Friday, April 4, 2014

Blood Slaves By N.L. Hoffmann Review


In the vampire world the Covert has been around for hundreds of years. They take girls off the streets and then sell them to vampires who are looking to “collect” women for unpleasant purposes. It is a nasty business but vampires see humans as objects so buying one from the Covert is like adding another car to your collection. It wasn’t uncommon to hear another girl go missing off the streets, but when girls from well-known families begin to disappear, the Supernatural Crime Division begins to take notice.

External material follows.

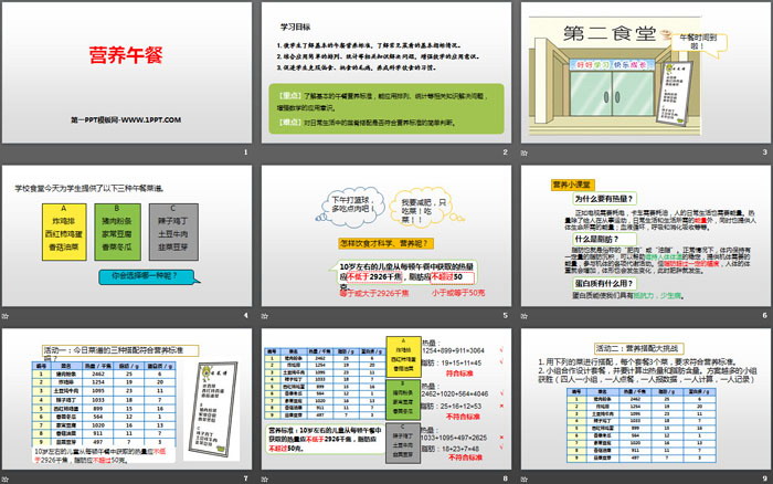 关键词:人教版四年级下册数学PPT课件免费下载,营养午餐PPT下载,.PPT格式;

Blake Noble is assigned by her superior to investigate the disappearance of his niece and to take down the Covert. Blake being the daughter of Lucifer and a famous vampire mother uses her abilities to survive through the investigation. Between demon lessons from her father and falling for the Deputy Director she tries to find a way to take down a several hundred year old business. Only she soon realizes people she trusted are involved.


Blake Noble is a half vampire, half demon with a little witch thrown in for good measure. When we first meet her she is working for the SCD, Supernatural Crime Division and is going undercover to find out who kidnapped her boss’s niece. From there she gets betrayed,  discovers new powers, gets kidnapped,kicks some ass,reconnects with an old friend,falls in love, meets her father, who just happens to be Lucifer.
  What did I think about Blood Slaves? If you have had read any of my reviews you know I am not a fan of the “insta-love” aspect. Which we have in this book. Though Blake didn't go overboard like a lot characters tend to do, that he wasn't the only thing that mattered to her. Blake is independent, strong willed, snarky and has more courage at times than common sense. She tends to barrel into situations without being prepared. I felt that about half way through the book it was a bit rushed. I thought that something that needed more explaining was brushed over. Even with all of that I finished the book in one sitting. It kept my attention and I am looking forward to the next book in the series.